*Data for review*.
===

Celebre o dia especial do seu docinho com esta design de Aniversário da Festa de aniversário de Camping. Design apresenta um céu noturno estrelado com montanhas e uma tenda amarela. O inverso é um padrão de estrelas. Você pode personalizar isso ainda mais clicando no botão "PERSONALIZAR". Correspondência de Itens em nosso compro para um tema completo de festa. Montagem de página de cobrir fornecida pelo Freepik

===

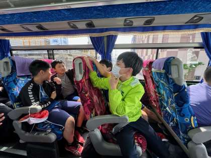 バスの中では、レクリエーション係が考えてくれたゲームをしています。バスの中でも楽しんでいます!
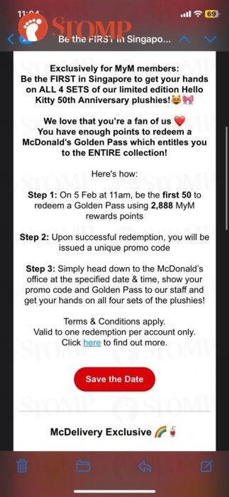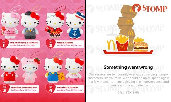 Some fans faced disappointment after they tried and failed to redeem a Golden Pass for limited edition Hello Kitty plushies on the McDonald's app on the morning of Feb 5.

===

*Requirement*. The material above holds pictures; leave them out. Repeat exactly the lines from the one containing "バスの中では、レクリエーショ" through the one containing "Some fans faced", and nothing else.

*Problem solution*.
 バスの中では、レクリエーション係が考えてくれたゲームをしています。バスの中でも楽しんでいます!
 Some fans faced disappointment after they tried and failed to redeem a Golden Pass for limited edition Hello Kitty plushies on the McDonald's app on the morning of Feb 5.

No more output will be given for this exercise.